Вспыхнувший огонек тусклым светом осветил подземелье. Аника зажег факел. От непривычно яркого пламени резало глаза. Они огляделись вокруг. Тоннель с мрачными влажными, местами скользкими каменными стенами и таким же полом шел в двух направлениях.
— Да, задача не из легких, пойдем наугад?
— Я не знаю… — Настя растерянно озиралась вокруг, — я думаю…туда!
— Идемте! — Аника взял её за руку и пошел по тоннелю. — Интересно, что это за подземелье?
— Да! Непростой был этот дед Иван, упокой господь его душу, почему он прорыл подземный ход сюда?
— Вот тебе и бортник!
Они шли по каменному подземелью, ход петлял, в стене за поворотом появилась небольшая дубовая дверь.
— Что там?
— Откроем? — Аника отодвинул щеколду.
— Ааааа! — Настя завизжала от ужаса.

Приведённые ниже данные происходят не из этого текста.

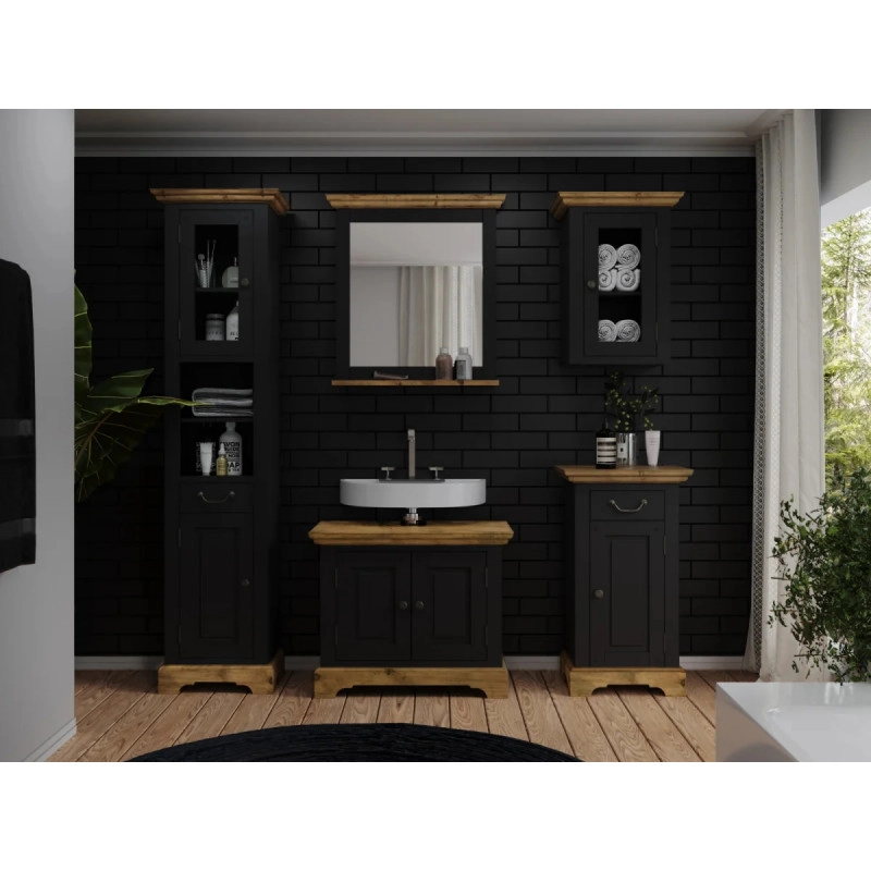 Hledáte zrcadlo, které nejenže promění vaši koupelnu, ale zároveň přinese nádech elegance a pevnosti? Masivní koupelnové zrcadlo Kenya z borovice a MDF je skvělou volbou, pokud toužíte po spojení přírodní krásy dřeva s moderním designem. Jeho obdélníkový tvar o rozměrech 73×15×78 cm nabízí dostatek prostoru pro pohodlné používání a zároveň působí jako výrazný designový prvek. Černý lakovaný povrch rámu dodává zrcadlu sofistikovaný charakter, který se dokonale snoubí s různými styly koupelen – od minimalistických po industriální nebo rustikální.
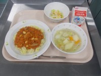 【献立】・ポークビーンズライス・コーンサラダ・ポテトスープ・牛乳
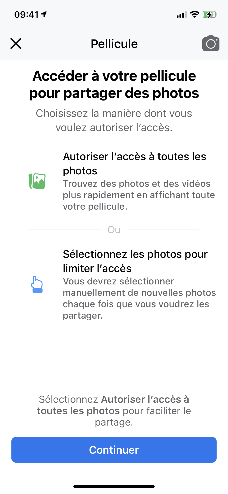 Je ne peux pas accéder à mes photos sur mon téléphone ( stockage sur iPhone ou Dropbox peux importe) lors d’une publication sur Facebook, malgré le faite que le partage des photos et activé. Comment faire? Merci
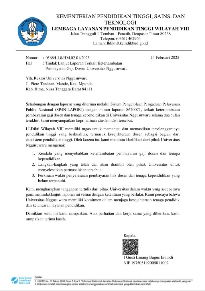 Perwakilan dosen melaporkan situasi tersebut ke LLDIKTI Wilayah VIII. LLDIKTI merespons melalui surat nomor 0568/LL8/HM.02.01/2025 tertanggal 14 Januari 2025. Dalam surat tersebut diminta pihak UNSWA untuk:
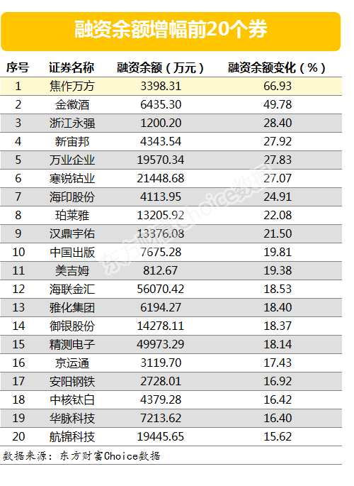 融資余額增幅最大的是焦作萬方,該股最新融資余額3398.31萬元,較前一交易日增長66.93%。另外,融資余額增幅較大的還有金微酒、浙江永強(qiáng)等,融資余額分別增長49.78%、28.40%。
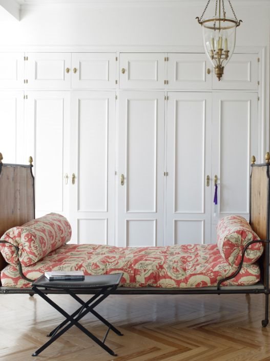 Crveno-beli mebl je delo kuće Bennison Fabrics dok je dekorativni tekstil koji je iskorišćen za sofu sa okvirom delo Gastona y Daniele. Pored vintage sofe, dnevni boravak je obogaćen i jednom venecijanskom stolicom na ljuljanje. Zidovi su ili okrečeni u belu boju ili prekriveni otmenim tapetama koje dodatno krase ogromna platna pejzaža naslikanih u akvarelu. Skoro svaka prostorija je prepuna knjiga, unikatnih, neobičnih ogledala koje krase vintage i orijentalni detalji.

В открывшейся их взору нише лежали белые человеческие черепа и кости.
— Тише! Тише, и после этого вы будете рассказывать мне о религии? Настя. Даже я знаю, что так монахи хранят мощи своих ушедших братьев.
— Вы полагаете это кости монахов? — Она вцепилась в руку Аники мертвой хваткой.
— Смотрите, — Аника подошел к нише и взял один из черепов, — вокруг сырость, по стенам стекает испарина, а здесь в нише сухо, и кости, смотрите, — он поднес череп к её глазам, Настя в ужасе отшатнулась, — смотрите какие белые кости!
— И что это, по-вашему, значит?
— Один мой знакомый дьяк…да, да, не удивляйтесь, у месье Шарля есть знакомый дьяк. Так вот, он рассказывал, что каждые три года монастырская братия спускается, чтобы посмотреть какого цвета кости умерших братьев — если темные — значит надо еще молиться за упокой души усопших, а если белые — все, умерший в раю. Отмолили.
— И после этого вы будете рассказывать мне, что вы атеист.
— Я и не говорил, что атеист, я говорил, что мои родители были атеистами, на самом деле и в моей жизни был случай, когда я был на волоске от гибели, и, кто знает, если бы не чудо, случившееся во время представления…
— Расскажите, прошу вас, — Настя семенила следом за Аникой, умирая от любопытства.
— Ну что ж, мы с вами идем уже не первый час, а конца туннелю не видно. Хотите отдохнуть?
— Я бы с удовольствием подкрепилась!
— Похоже, пока это невозможно. Присядем? Ну, рассказывать особо не о чем. Обычный трюк под куполом цирка. Я был мальчишкой совсем, униформист упустил страховку и я полетел из-под купола на манеж. И знаете, — было ощущение, что меня придерживают чьи то руки, словно замедляя мое падение. Я упал, точно с двухметровой высоты, отделавшись легким испугом и парой переломов. А ведь при падении из-под купола не выживают — поверьте. Вот после этого я и усомнился в правильности взглядов моего отца. Мать все же его поддерживала, но не так рьяно — она тайком крестила меня в раннем детстве. Отец не знал…
— Как все сложно… — Настя придвинулась поближе к нему.
— Озябли. Настя?
Она кивнула головой.
— Тут сыро.
Он обнял её за плечи:
— Так теплее? Неизвестно сколько мы проведем времени в этом подвале.
— Хочется есть и спать.
Ну, с первым ничего не выйдет, пока мы с вами не выберемся наружу, а вот вздремнуть — вздремнуть, пожалуй, не помешает.
Поудобней устроившись у стены подземелья, Настя прикрыла глаза, погрузившись в сон.
* * *
В питейном доме на Московской окраине, как и во всех питейных домах всех городов в вечернее время публики было много и публики не самой трезвой. Работяги, торговый люд, мелкое сословие собиралось в шумные компании, и отмечали завершение рабочей недели. Двое за угловым столиком выпадали из общей картины. Один — худощавый, всклокоченный, смуглый, чем-то похожий на цыгана, второй — холеный, упитанный и как видно обеспеченный господин в добротном дорогом костюме.
— Как же вы могли, раззявы! Упустить девку! У меня покупатель нервничает, сделка горит!
— Так может, барин, ты сам попробуешь?! Вон, Тимоха — тот того, на том свете уже из-за безделушки этой!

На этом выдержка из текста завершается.